Welcome, Mules

December 30, 2010 Leave a comment Go to comments

Eliseo, 39, is considered a public benefactor. A guy who is always welcome. For a decade, this Cuban American has been a ‘mule’. He resides in Miami and makes some fifteen trips to the island every year. Sometimes more.

Right now, from his mobile phone, he calls his usual driver to pick him up at the entrance to the Jose Marti International Airport, south of Havana. He loads a bunch of bags and briefcases.

He will be in Havana for one day. His mission is to unload the 150 pounds of food, medicine, electronics, clothing, shoes and toys, among other things, in a house that he trusts, where later they will take charge of delivering them to their destinations.

Eliseo has set up a small business operating at full throttle, especially in the month of December. He charges $5 per pound of food or medicines, and $10 per pound of other items. To move certain goods controlled in Cuba, he discretely slips a hundred-dollar bill in the pockets of the customs authorities.

In Miami he also greases the palms of air terminal officials. When George W. Bush turned the screws on the embargo against Castro, Eliseo always wrangled it to bring products and sums of money that violated U.S. laws. “Now with Obama everything is easier.” The current occupant of the White House has taken steps to facilitate family relationships.

Since December 20, you can send up to 10 thousand dollars via Western Union. On top of that, residents of the island can collect it in convertible pesos. Facing the urgent need of the “imperialist enemy’s” greenback, the Cuban government eliminated the 10% duty on the dollar.

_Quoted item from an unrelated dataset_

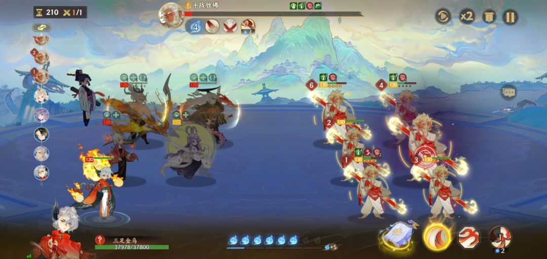 最后一层也是很简单的,可能对你角色的坦度稍微有点要求吧,先保证你的后排输出位别挂,然后前排的嫦娥也别挂就行,然后等对面猴子召唤分身,用群攻角色优先打分身就行,每个分身打掉本体就会掉5%的血,还是慢慢磨死就行了

On October 25, 2004, an angered Fidel Castro, supposedly caught laundering 3.9 billion old dollars in the Swiss UBS bank — something prohibited by the embargo — he announced a 10% tax on the dollar during a television appearance. Starting on November 8 of that year, the only currency that circulated in Cuba was the Cuban Convertible Peso (CUC).

Remittances from family members and the sending of goods by “mules,” in large part brace up the fragile and inefficient island economy. According to international organizations, through remittances alone the government allows some billions of dollars to enter the country every year.

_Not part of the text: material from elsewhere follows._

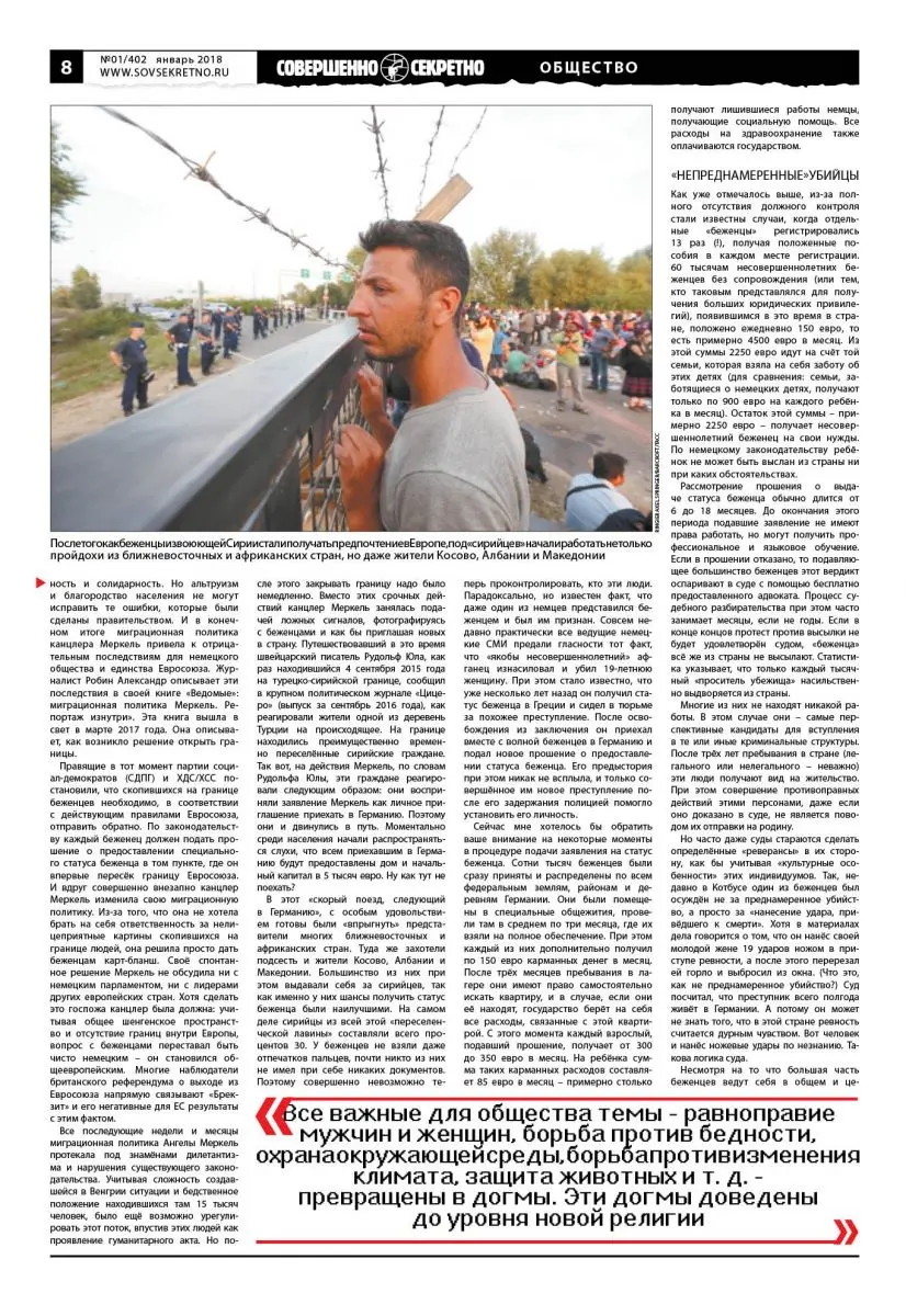 В этот «скорый поезд, следующий в Германию», с особым удовольствием готовы были «впрыгнуть» представители многих ближневосточных и африканских стран. Туда же захотели подсесть и жители Косово, Албании и Македонии. Большинство из них при этом выдавали себя за сирийцев, так как именно у них шансы получить статус беженца были наилучшими. На самом деле сирийцы из всей этой «переселенческой лавины» составляли всего процентов 30. У беженцев не взяли даже отпечатков пальцев, почти никто из них не имел при себе никаких документов. Поэтому совершенно невозможно теперь проконтролировать, кто эти люди. Парадоксально, но известен факт, что даже один из немцев представился беженцем и был им признан. Совсем недавно практически все ведущие немецкие СМИ предали гласности тот факт, что «якобы несовершеннолетний» афганец изнасиловал и убил 19-летнюю женщину. При этом стало известно, что уже несколько лет назад он получил статус беженца в Греции и сидел в тюрьме за похожее преступление. После освобождения из заключения он приехал вместе с волной беженцев в Германию и подал новое прошение о предоставлении статуса беженца. Его предыстория при этом никак не всплыла, и только совершённое им новое преступление после его задержания полицией помогло установить его личность.

Darío, a 52-year-old economist, thinks it could be double that. “There is a lot of money that isn’t accounted for. It’s a source that permits the investment of money free of the State’s nets. The government knows it and won’t lose sight of it. It’s probable that in months to come they’ll stimulate it even more.”

In Miami, dozens of agencies are dedicated to the shipment of packages and money to Cuba. Meanwhile, Cubans on the island ceaselessly ask their relatives for things from disposable toilet wipes and tennis shoes to laptops and plasma televisions.

If the embargo were to end, the interchange of merchandise and capital could exceed 5 billion dollars annually. And if the Havana regime would repeal absurd laws that prevent Cuban-Americans from investing in the country of their birth, the numbers could triple.

What’s certain is that the embargo hasn’t prevented families on the island from receiving money, by one means or another. Neither foodstuffs, medicines, nor other articles.

Eliseo assures us that he earns almost 2,000 dollars in profit each month. “If it’s the end of the year, a little more. In whatever way, despite the fact that I live off of this ‘business’, it satisfies me to see the people’s joy when they receive their packages, or while you count out a bundle of bills for them. But above all what sticks with me are the hopeful faces of children when you see them unpack toys and sweets.”

Moments like those make Eliseo feel like a tropical version of Santa Claus. The families on both shores appreciate him.